Backers of the new regulation say it will accomplish just that. Limits on carbon emissions will spur industry to develop carbon capture technology, ultimately making coal competitive with natural gas, wind, and solar in a future, low-carbon economy. But the coal industry accuses the Obama administration of waging a "war on coal," stifling innovation of the very clean-coal technologies it aims to promote.
"Ironically, the EPA’s proposal could actually do long-term harm to the environment," Robert Duncan, chief executive of the American Coalition for Clean Coal Electricity, said in a statement Thursday. "By stopping the development of new coal plants, the EPA is halting the development of carbon capture and storage (CCS) technologies. This misguided policy only adds insult to injury to an industry which has successfully used clean coal technologies to reduce many emissions by more than 90 percent."
In its simplest form, CCS siphons off heat-trapping carbon-dioxide (CO2) emissions at some point in the coal-firing process. The emissions are then stored deep underground where they cannot escape into the atmosphere. In some cases, the trapped carbon dioxide is pumped into depleted oil reservoirs to coax hard-to-reach oil from stubborn rock formations.

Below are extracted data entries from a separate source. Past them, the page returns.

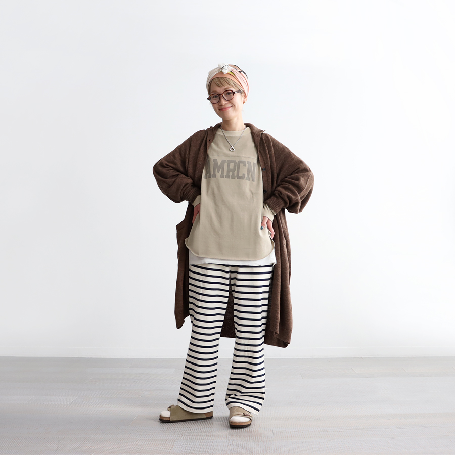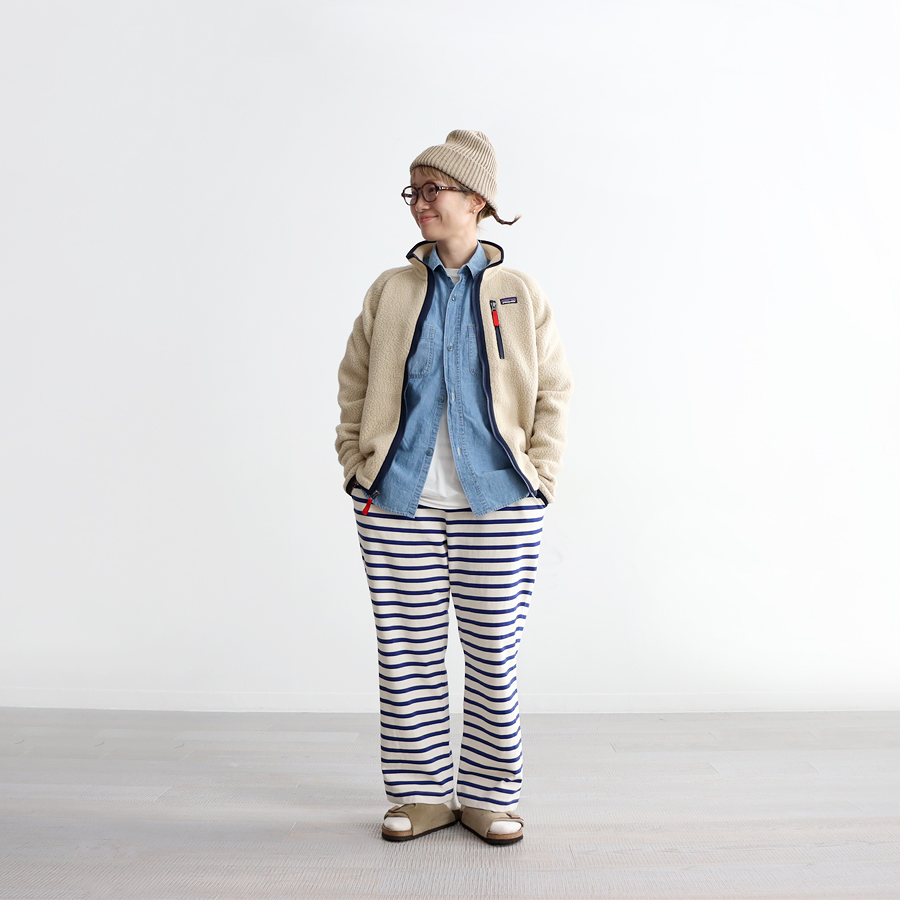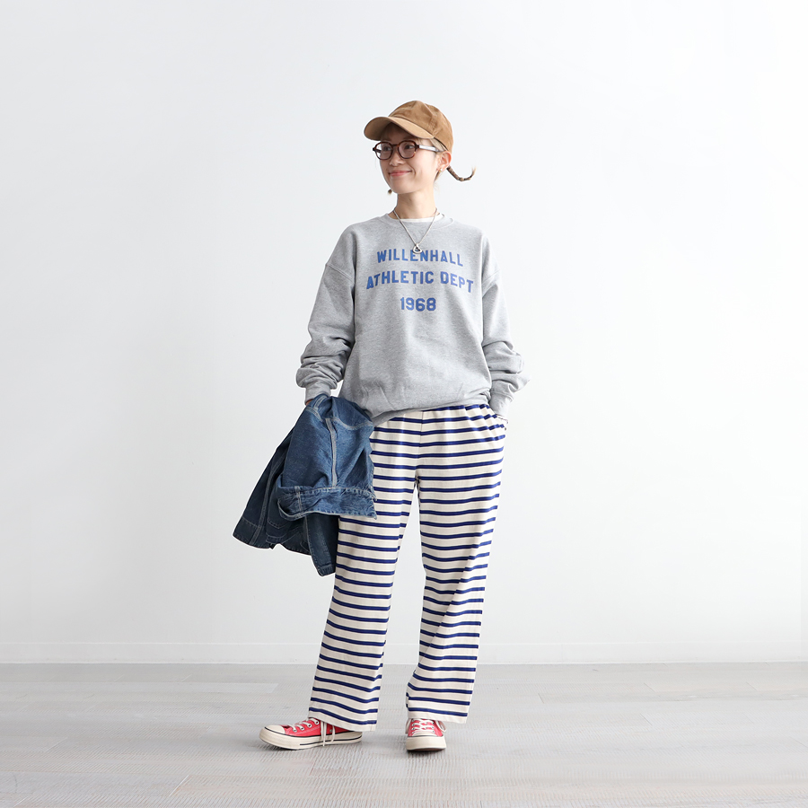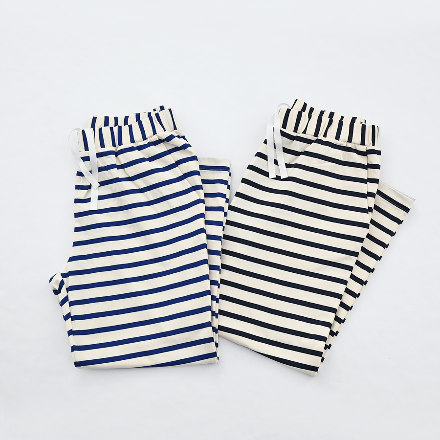 こちらは、ボーダー柄が爽やかなイージーパンツ。生地は厚くも薄すぎでもない適度な生地厚のコットン天竺。冬は軽い印象になりますが、あえてニットやフリースなどとコーデしても良いかと ! そんな思いを込めてロングシーズン穿けることを目指しました。ウエストはゴムと紐のイージー仕様。股上は普通、裾に向かってすとんとしたストレート気味のシルエットです。両サイドには便利なスラッシュポケット。ベーシックなボーダーピッチがカジュアルコーディネイトに映えそうです! 締め付け感のないラフな穿き心地です。
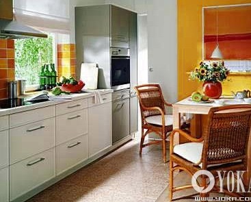 廚房中總是有些小角落。稍大的小角落,主婦們會(huì)擺一張小桌子,或幾把便于就餐時(shí)用的椅子,設(shè)計(jì)師建議選用折疊或長(zhǎng)度可調(diào)節(jié)的連柜餐桌,不用時(shí)將其折疊,而可疊加的椅子,則可存放于柜內(nèi)或桌底;稍小的角落安置推拉式高柜,這種儲(chǔ)藏能力很強(qiáng)的柜體大大減少了對(duì)空間的需求。
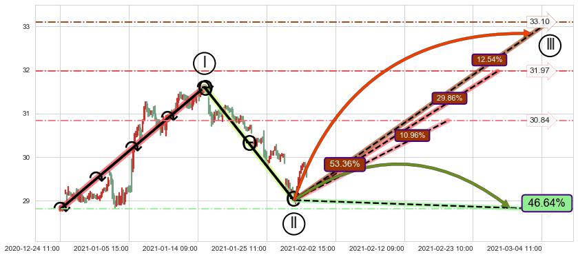 ➢ 循环浪继续向上【最低】位置(02-18:13, 30.84),匹配聚类样本比例20.54%, 可能性概率10.96%
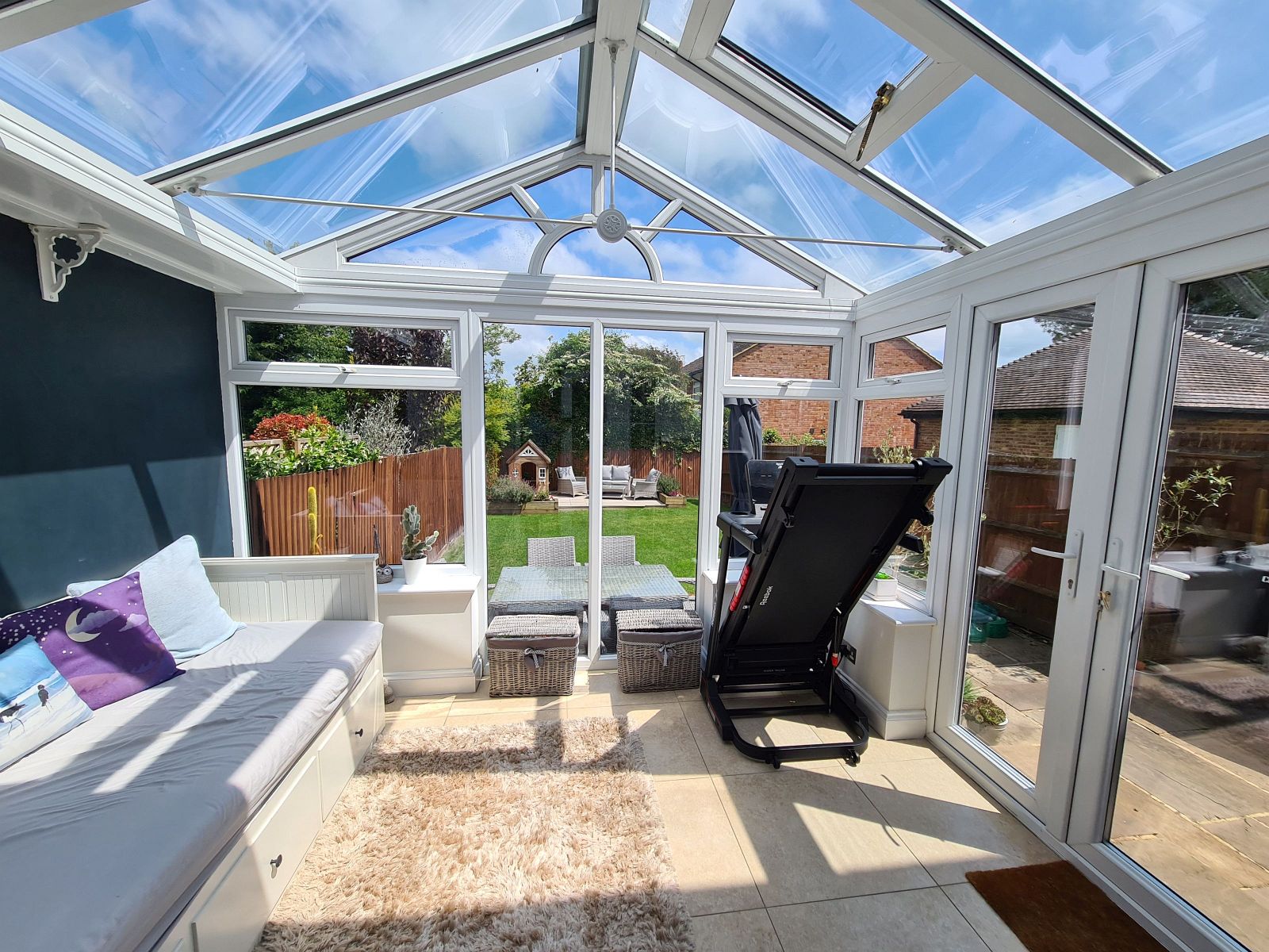 ceramic tiled floor, wall light points, under floor heating, sealed unit double glazed windows & double doors opening onto the garden.
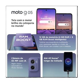 Atenção aos seguintes detalhes - Antes de utilizar o aparelho leia o manual de instruções. - Não submergir o cabo, plugue ou o aparelho em água. - O uso do produto diferente do descrito no manual de instruções acarreta na perca da . Celular Motorola G05 128GB de Memória 4GB Ram Violeta Tela 6.7'' Bateria 5200 mAh Conheça o Motorola Moto G05, o smartphone perfeito para quem precisa de uma bateria de longa duração, desempenho ágil e um design elegante. Com sua tela imersiva de 6,7 polegadas e armazenamento generoso, ele é a escolha certa para quem procura um aparelho que acompanha seu ritmo, seja no trabalho ou no lazer. Benefícios - Armazenamento Amplo de 128GB - Desempenho Ágil com 4GB de RAM + 8GB RAM Boost - Tela de 6,7 FHD+ 720 x 1612 - Câmera com IA e Night Vision Automático - Bateria de 5200mAh: Energia Que Dura o Dia Todo - Design Moderno - Segurança e Praticidade com Android 15 FICHA TÉCNICA : - Marca: Motorola - Modelo: G05 - Cor: Violeta - Memória RAM: 4 GB - Armazenamento Total: 128 GB - Tela de 6,7 FHD+ 1080 x 2400 IPS 90 Hz - Bateria: 5200 mAh - Desbloqueio Facial: Sim - Impressão Digital lateral: Sim - Peso: 188,8 g - Dimensões AxLxP :16,6 cm x 7,5 cm x 1 cm - Código Anatél: 08268-24-00330 Itens inclusos 01 Telefone 01 Manual 01 Cabo USB-A / USB-C 01 Carregador de parede 01 Ferramenta de remoção do chip pelo fabricante: 12 meses Não perca tempo limitado - Garanta o seu Moto G05 agora mesmo antes que acabe. Homologação Anatel: 166292013501 Marca: Não Informado
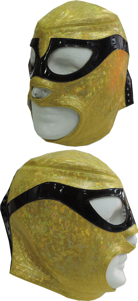 The mask is made of high shine fabric and natural synthetic leather
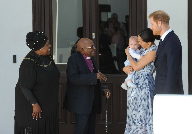 英王子夫妻、南アの元大主教と面会 アーチーちゃんも「初公務」
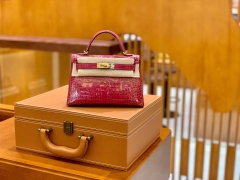 Hermès(爱马仕)Mini Kelly 迷你凯莉 法拉利红 一级美洲鳄鱼皮 臻品级别 金扣 19cm
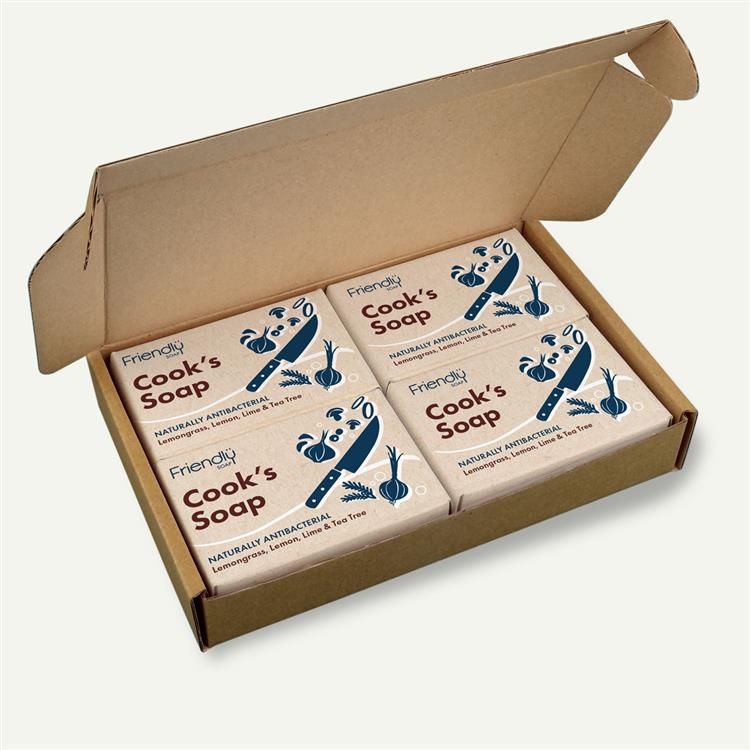 Friendly Soap’s Natural Cook’s Soap Bar is specially formulated for chefs, bakers, and cooks who need a reliable solution for stubborn kitchen odors. Handmade in the UK, it combines natural ingredients to keep your hands fresh and clean after a busy day in the kitchen. Bicarbonate of Soda: Tackles tough smells like garlic, onion, and herbs by breaking down persistent odors. Tea Tree Oil: Offers strong antibacterial benefits and a refreshing scent that enhances cleansing and deodorising. Lemongrass: Adds a zesty, invigorating aroma while neutralising unwanted smells, leaving hands smelling clean. This soap bar is a powerful and effective way to refresh your hands after cooking. 95g pH8-9 Ingredients: Sodium cocoate, Sodium rapeseedate, Aqua, Sodium shea butterate, Sodium bicarbonate, Melaleuca alternifolia leaf oil, Cymbopogon citratus leaf oil, Citrus limon peel oil, Citrus aurantifolia peel oil, Capsicum annuum fruit powder, Limonene*, Citral* *occurs naturally in essential oils.
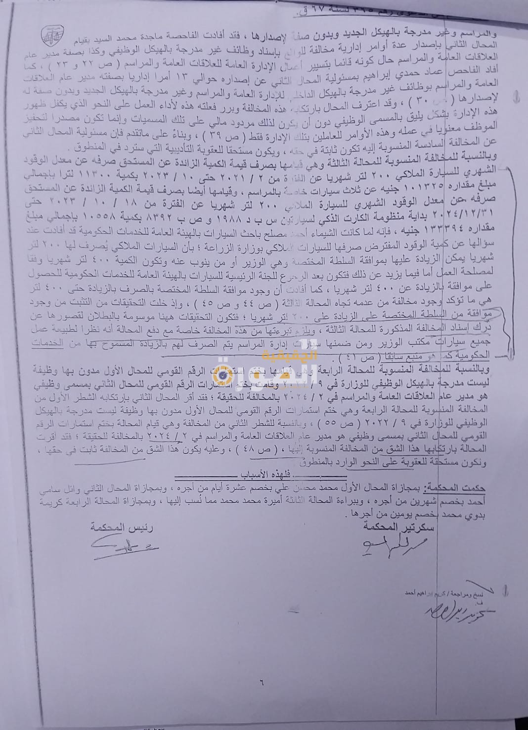 أكدت المحكمة في ختام حكمها أن المسؤولية التأديبية شخصية وتقوم على الإخلال بالواجب الوظيفي، وجاءت العقوبات كالتالي:
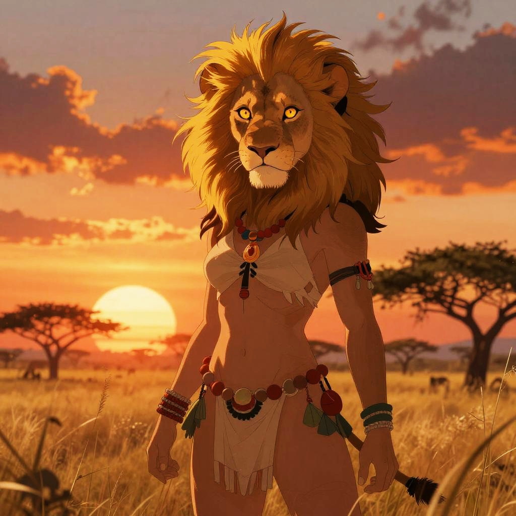 Digital artwork of an anthropomorphic lioness with a golden mane standing in a savannah at sunset, wearing tribal attire with red and green accessories, glowing
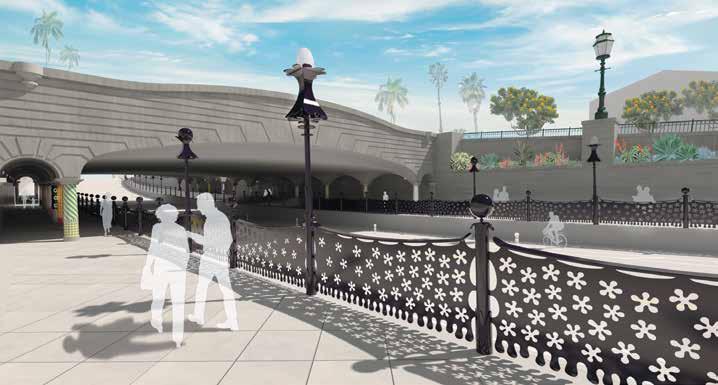 The undercrossing will have a new look, with brightly colored tiles adorning the columns along the walkway, designed by renowned Santa Barbara architect Jeff Shelton, as well as new light posts and custom ironwork railings with flower-shaped cutouts along the sides designed by his brother David.
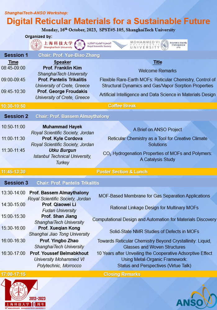 It is worth mentioning that this symposium is jointly supported by the Alliance of International Science Organizations (ANSO). The ANSO-sponsored international workshop has successfully convened four times in different locationss, including Istanbul, Turkey (September 2021), Amman, Jordan (March 2022), Marrakesh, Morocco (October 2022), and Crete, Greece (March 2023). The primary objective of this symposium is to foster stronger scientific research collaborations and exchanges among scientists and engineers working together to develop innovative porous materials specifically designed for carbon capture applications.
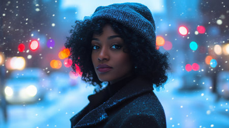 A young woman in a black winter coat and beanie, standing in a snowy landscape with falling snowflakes, looking thoughtfully into the distance
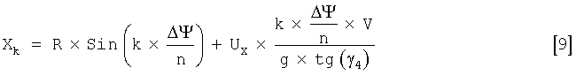 Дальность полета по заранее известному маршруту определяют как сумму длин участков полета между ППМ (как показано на фиг.1, поз.8) плюс дальность до очередного ППМ, которая определяется во всех современных навигационных системах. Развернутую дальность полета до ВПП при полете к 4-ому развороту с произвольным курсом определяют как сумму расстояний до 4 разворота, длины пути на развороте и расстояния от расчетной точки окончания 4-го разворота до ВПП:

The technology is expensive and energy-intensive. Power companies view it as a "parasitic load" that can eat away as much as 30 percent of their total power generation. That's why repurposing the CO2 for oil extraction purposes is an attractive option. Companies can offset some of what they lose with revenue gained by selling CO2 for use in so-called "enhanced oil recovery."
Despite the promise, no commercial-scale US power plants currently use CCS. The technology has been used in industrial plants for some time and two CCS coal plants are expected to come online in 2014, but future projections look grim. Cheap, plentiful natural gas threatens to render coal obsolete, with or without new regulations or new technologies. Without a market for coal, the reasoning goes, there's no market for carbon capture and storage technology.
"It’s always going to be cheaper to put the CO2 in the atmosphere than to store it," Mr. Herzog said in a telephone interview. "Unfortunately, the regulations that have been posed do not create markets, they do not create incentives. They have a gaping loophole. That gaping loophole is natural gas."
Others are more optimistic. Natural gas prices could rebound. Innovation could drive the cost of CCS down. Both those factors could make coal competitive again and eliminate the new rules' "loophole." And even if the technology doesn't work out for coal, some look at the broader application of CCS in the power mix, both at home and abroad.
The rules motivate natural gas companies to begin innovating in CCS, in anticipation of future rules, according to John Thompson, director of the Fossil Transition Project at Clean Air Task Force, a nonprofit headquartered in Boston. It also sends a signal to China, Mr. Thompson said, setting the example for the coal-heavy powerhouse to incorporate CCS.
"These rules are not the end of coal; these rules are the beginning of CCS," Mr. Thompson said in a phone interview. "CCS started in industrial settings and is migrating into power sectors. These rules will help drive that. Eventually, we’ll have to have CCS on both power and industrial [sectors] if we have any hope of ever stopping climate change."